Alain Bentolila – « Une partie de notre jeunesse souffre d’impuissance linguistique »
« Permettez-moi de vous dire la vérité sur la langue française. Une vérité contre le conformisme frileux qui voudrait que chacun “parle comme il veut” », déclare Alain Bentolila en introduction de ses Controverses sur la langue française, sous-titré 51 vérités pour en finir avec l’hypocrisie et les idées reçues (ESF éditeur). Entretien avec un linguiste engagé.
Propos recueillis par Clément Balta
Au commencement était le verbe… « Le propre de l’humain », dites-vous dans votre premier chapitre. Fallait-il en revenir à la genèse même du langage pour en finir avec « les idées reçues » ?

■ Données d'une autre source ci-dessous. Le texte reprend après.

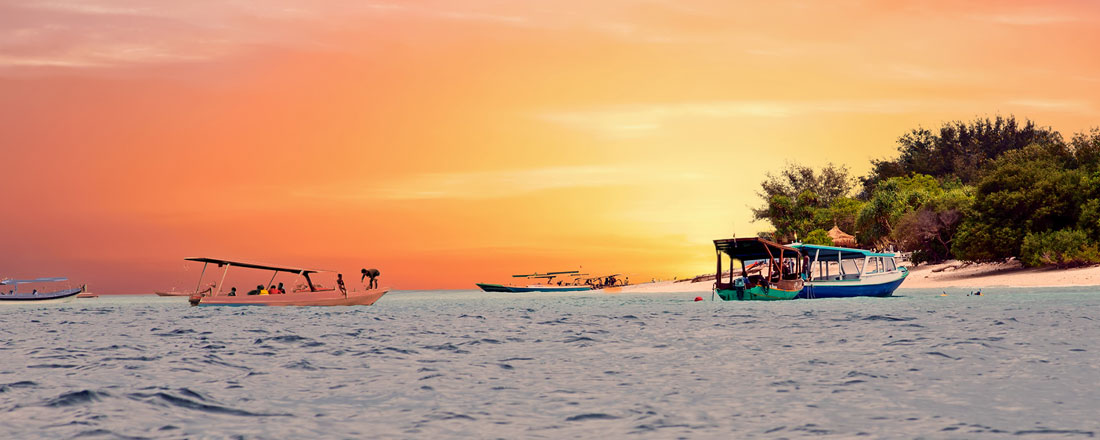 | Dag 6 | Morgenmad på hotellet. Kl. 08.00 er der transferservice fra Ubud til havnen hvorfra i skal sejle til paradisøen Gili Trawangan.. Køretiden er på knap 2 timer og det samme er sejlturen. Ankomst til Gili Trawangan midt på eftermiddagen.. Efter ankomst check in på valgte hotel, og herefter er dagen til fri disposition. |
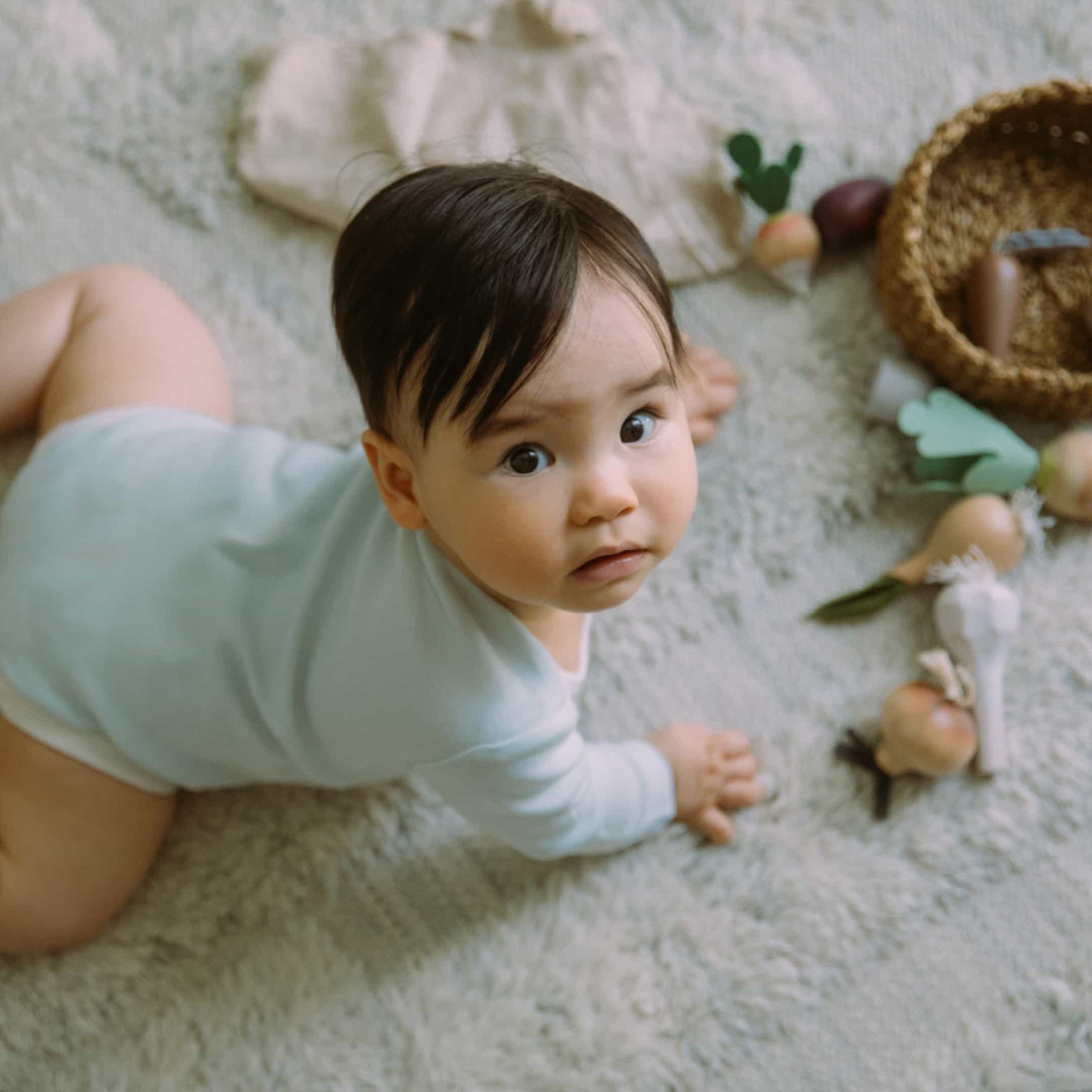 Soft, breathable, and gentle on sensitive skin — our long sleeve bodysuits are made from 100% organic cotton with flat seams, fold-over mittens in sizes 9-12 months and under, a lap-neck design, and color-coded snaps for easy dressing and diaper changes.

Les hommes forgeant patiemment leur langue affirmèrent progressivement leur volonté de tenir de plus en plus fermement les rênes d’une parole qui put ainsi servir à comprendre et à dominer ensemble le monde. Les échanges qui, en leurs débuts, se limitaient à désigner à l’autre les objets ou les êtres qui les entouraient relevèrent un tout autre défi : ils se mirent à s’interroger sur des objets et des phénomènes, à tenter d’en expliquer le fonctionnement, à proposer de les modifier et de s’en servir. Surtout, ils purent dire ce qu’ils pensaient des propositions de chacun et à en discuter la pertinence ou la vérité. Les règles organisant la langue, acceptées par tous, furent le moteur qui leur permit de dépasser la simple contemplation commune du monde. La langue prit son envol, vit sa puissance augmenter à mesure que s’affirmait la volonté des hommes d’imposer au monde (et à Dieu) leur intelligence : la tour de Babel prenait de la hauteur. C’est l’urgence de pouvoir penser ensemble qui poussa l’homo sapiens sapiens à construire et à améliorer le langage. Ce n’est ni ne le fait d’un heureux hasard, non plus que l’amélioration automatique de leurs connexions neuronales. C’est au contraire en créant le langage que les hommes ont amélioré la plasticité et la puissance de leur cerveau.